Interestingly, with gamma cameras,
when using parallel collimators, the detection
efficiency (sensitivity) does not depend on the distance h
of the displayed source from the collimator front! The
imaging of the point source in a wide range of distances 0-30 cm
from the front of the collimator in Fig.4.5.2 d shows a
deterioration of spatial resolution and decreased image
brightness, but the total number of pulses is the same in all
images, area (integral) under the PSF function is the same for all distances.
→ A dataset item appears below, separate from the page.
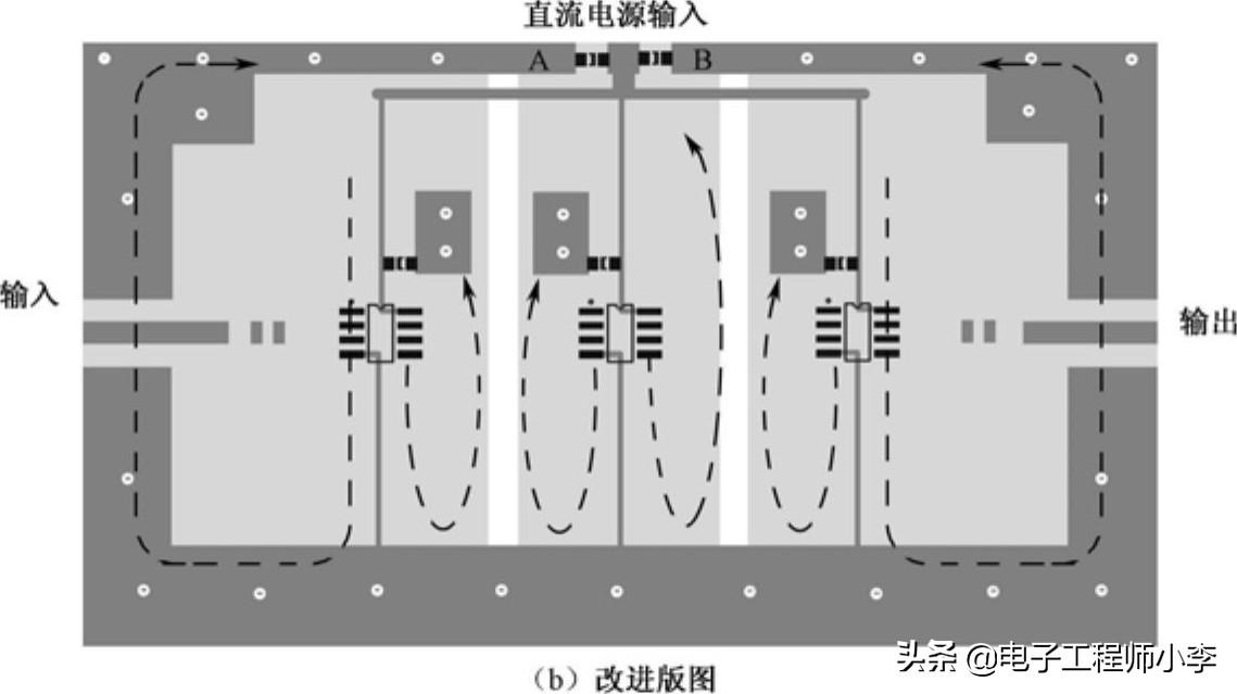 一个设计实例如图12-53所示。在图12-53(a)中,由两个模块组成的电路安装在PCB上,PCB的底层敷满了铜,并通过许多连接过孔连接到顶层接地部分。对直流电源而言,底层和顶层的铜覆盖的部分为直流接地提供了一个良好的平面。在直流电源和接地点A、B之间连接“零阻抗”的电容到地,使直流电源和接地点A、B之间对射频信号短路,不形成射频电压。只要PCB的尺寸比1/4波长小得多,整个接地部分就不会形成射频电压。虽然在这些模块间存在耦合,但也可以保证电路性能优良。

This surprising behavior is due to the specific
properties of geometric collimation in parallel
collimators. We can clearly illustrate this according to the
schematic drawing in Fig.4.5.2 b) as follows: As
the source moves away from the collimator front, the number of
photons incident on the individual holes decreases
quadratically as 1/h2. However, the number of holes through which radiation
can pass to the detector, increases
quadratically in proportion to h2. These two opposing trends cancel each
other out, so the total photon flux passing
through - collimator efficiency - does not
change with the distance between the source and the
collimator.
Note: This
rule does not apply to special convergent or Pinhole
collimators, the detection efficiency here changes
significantly with distance - it increases or decreases (see
§4.5, section "Imaging
properties of special collimators").
However, this distance sensitivity
independence of parallel collimators only applies to situations without
a substance-absorbing environment - in vacuum
or in air. In practical scintigraphy, however,
there is a tissue environment between the
displayed structures with distributed radioactivity in the
organism and the gamma camera, with which gamma radiation
interacts, which leads to the absorption and attenuation
of gamma radiation. This a gamma-ray absorption, also called attenuation,
is reflected in scintigraphic images by an artificial
reduction in the number of pulses from structures deposited
at greater depths, compared to structures closer to the surface.
In such a case, the statement that the detection efficiency
(sensitivity) does not depend on the distance of the
displayed source from the collimator front, is no longer
valid. Here, the detection efficiency decreases
significantly with the distance - depth - of the
displayed source !
Collimators with special
geometries
In addition to collimators with parallel holes - channels - the
collimators with otherwise geometrically arranged holes are used
for some special purposes (Fig.4.2.6. in the middle) :
The imaging properties of collimators are
discussed in more detail in §4.5 "Physical
parameters of scintigraphy".
Here, for clarity, we will only duplicate graphs of the
dependence of the spatial resolution and detection efficiency
(sensitivity) of the gamma camera with basic collimators on the
distance :
Fig.4.5.6. Dependences of the spatial resolution FWHM (left)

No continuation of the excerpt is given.